In the case of custom-made software, it is important, among other things, to understand what rights remain with the developer. The software's source code may be protected by copyright, and the solutions included in the software individually ordered by the buyer may be based on valuable trade secrets or know-how. A key issue may be whether the developer would be entitled to resell the developed software, either in its original or partially modified form, to third parties, including the buyer's competitors. It is also prudent to consider which rights the buyer should acquire to meet their specific needs and have this reflected in the software development agreement. Is it necessary to acquire all economic rights in relation to the software to be developed, or is it sufficient to obtain a license to use the software? Naturally, if the buyer company chooses to obtain a license, the scope of the license is also crucial. As one may expect, the scope of rights obtained and the scope of a license might also have an impact on pricing.
In the case of "off-the-shelf" software, service providers often implement general terms and conditions. However, such terms and conditions are sometimes overly general or do not govern key matters, which might prevent the buyer company from using the software in the way it intended. A typical mistake is when the buyer procures the software to use it at the group-level or together with its retail network, but this is not reflected properly, from a legal perspective, in the license terms, which results in other group members or retailers not being entitled to use the software. In the event of unlawful use of the software or use that goes beyond the terms of the software license agreement (the license terms), the right holder of the software might, for example, make claims against the buyer for license fees after the unlawful use.

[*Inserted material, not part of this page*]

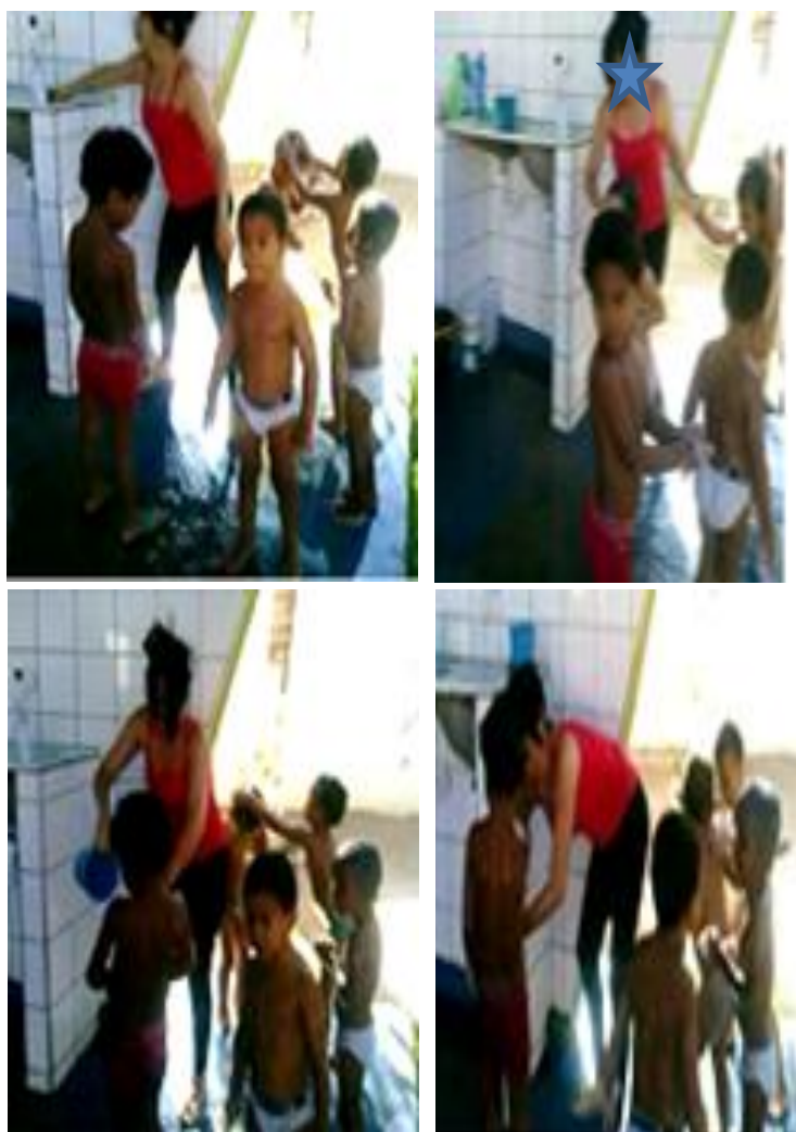
Fotografia 24 — Registro da forma como os momentos de banho são desenvolvidos com as crianças da turma Catavento.

Em campo, assim como as crianças, pude registrar a importância das brincadeiras desenvolvidas entre as mesmas para dramatizar elementos desafiadores das práticas de violência policial vivenciadas em suas comunidades e para negociar os diferentes papéis e posições sociais em seus grupos de referência na turma que compõem. As brincadeiras também foram um importante recurso lúdico utilizado pelas crianças para subverter e reinventar de forma autônoma alguns contextos e rígidas práticas mecanizadas da creche em que estavam inseridas. No desenvolvimento do mesmo processo (brincadeiras) as crianças também reproduziram elementos dos signos sociopolíticos e ideológicos em que são formadas, como foi o caso, por exemplo, da exclusão social das crianças negras e mais tímidas das turmas pesquisadas, questões que serão aprofundadas no próximo eixo analítico.

The buyer should also take the time to consider, even at the time of procurement whether they plan to later order unique additional developments (enhancements) to the software, as the case may be, from a software developer who is different from the original supplier. This is because the lawfulness of those enhancements may depend, to a great extent, on the technical details of the relevant enhancement and the license terms of the existing software.
The buyer's to-do list is not completed just with the purchase of the software license. To use the software properly, it is essential to integrate it into the already-existing IT environment, handle any technical and user problems, install — and, as the case may be, develop — necessary updates and train employees to use the software. The buyer should already be considering these tasks at the time of concluding the contract in relation to the software. In the case of custom-made software, it is also worth considering whether the buyer "chains" itself to the software developer. If so, it is advised to agree on (and, ideally, include in the relevant contract) the magnitude of foreseeable technical support fees.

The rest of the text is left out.